[Start of Attachment]

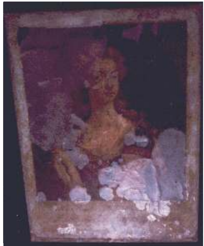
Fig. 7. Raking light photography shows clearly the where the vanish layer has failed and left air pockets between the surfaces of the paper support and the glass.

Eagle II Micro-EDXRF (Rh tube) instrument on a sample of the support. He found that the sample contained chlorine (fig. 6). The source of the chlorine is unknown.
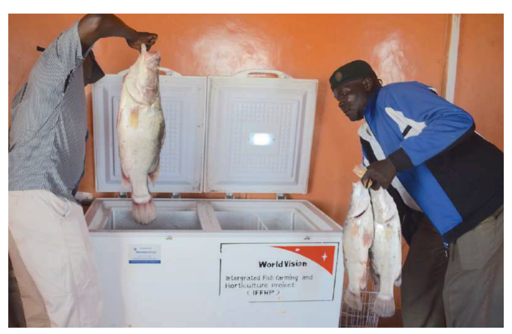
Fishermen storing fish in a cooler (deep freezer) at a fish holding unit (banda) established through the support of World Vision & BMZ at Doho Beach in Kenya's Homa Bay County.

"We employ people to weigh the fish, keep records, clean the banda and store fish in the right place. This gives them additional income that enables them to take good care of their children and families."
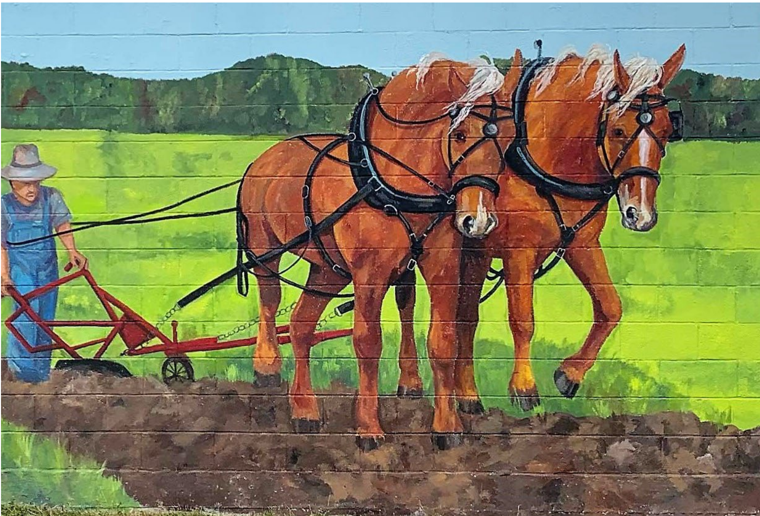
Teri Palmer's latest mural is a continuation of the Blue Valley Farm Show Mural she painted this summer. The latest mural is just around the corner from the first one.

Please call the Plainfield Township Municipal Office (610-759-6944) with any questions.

[End of Attachment]
[Start of Attachment]

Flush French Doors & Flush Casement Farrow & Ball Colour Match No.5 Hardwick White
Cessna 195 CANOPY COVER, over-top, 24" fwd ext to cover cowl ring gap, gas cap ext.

[End of Attachment]
[Start of Attachment]

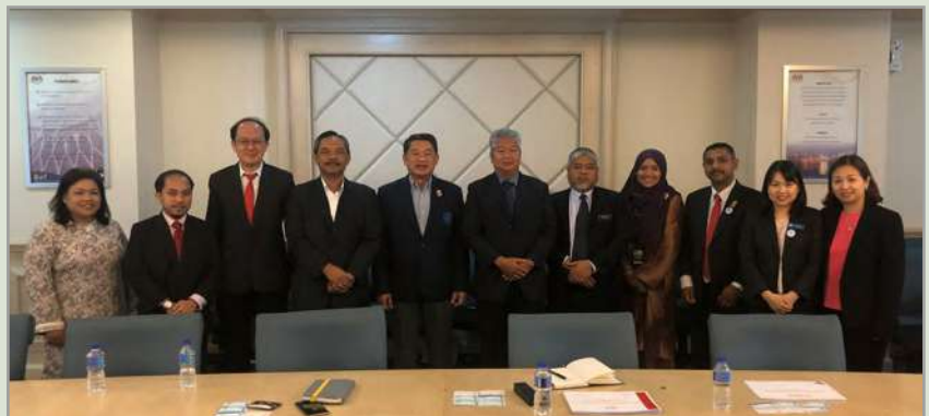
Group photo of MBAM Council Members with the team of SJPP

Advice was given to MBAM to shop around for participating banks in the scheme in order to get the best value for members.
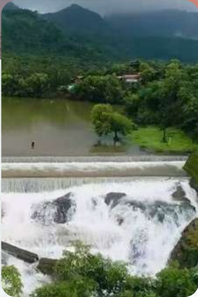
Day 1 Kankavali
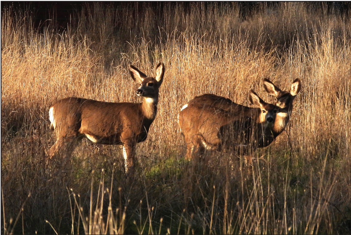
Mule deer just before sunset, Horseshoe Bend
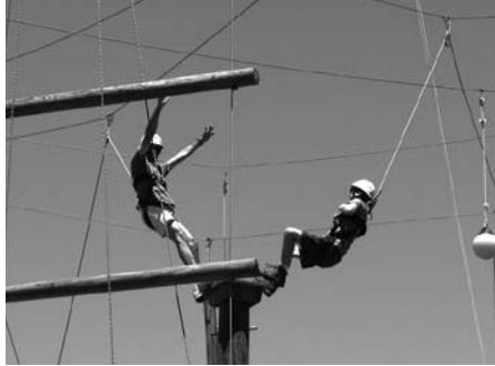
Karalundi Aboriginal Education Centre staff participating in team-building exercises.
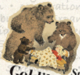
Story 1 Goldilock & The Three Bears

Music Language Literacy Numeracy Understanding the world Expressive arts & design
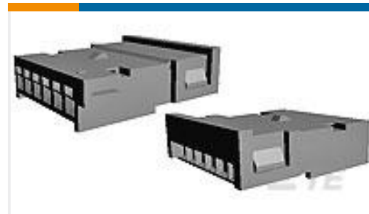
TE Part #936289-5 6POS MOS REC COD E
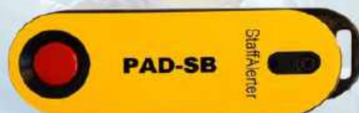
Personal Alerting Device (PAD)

[End of Attachment]

* _Problem requirements_
From the records above, write out exactly the lines that begin at the line with "Story 1 Goldilock & The Three Bears" and end at the line with "Personal Alerting Device (PAD)". Pictures must not appear in the output.

* _Output of the exercise_
Story 1 Goldilock & The Three Bears

Music Language Literacy Numeracy Understanding the world Expressive arts & design
TE Part #936289-5 6POS MOS REC COD E
Personal Alerting Device (PAD)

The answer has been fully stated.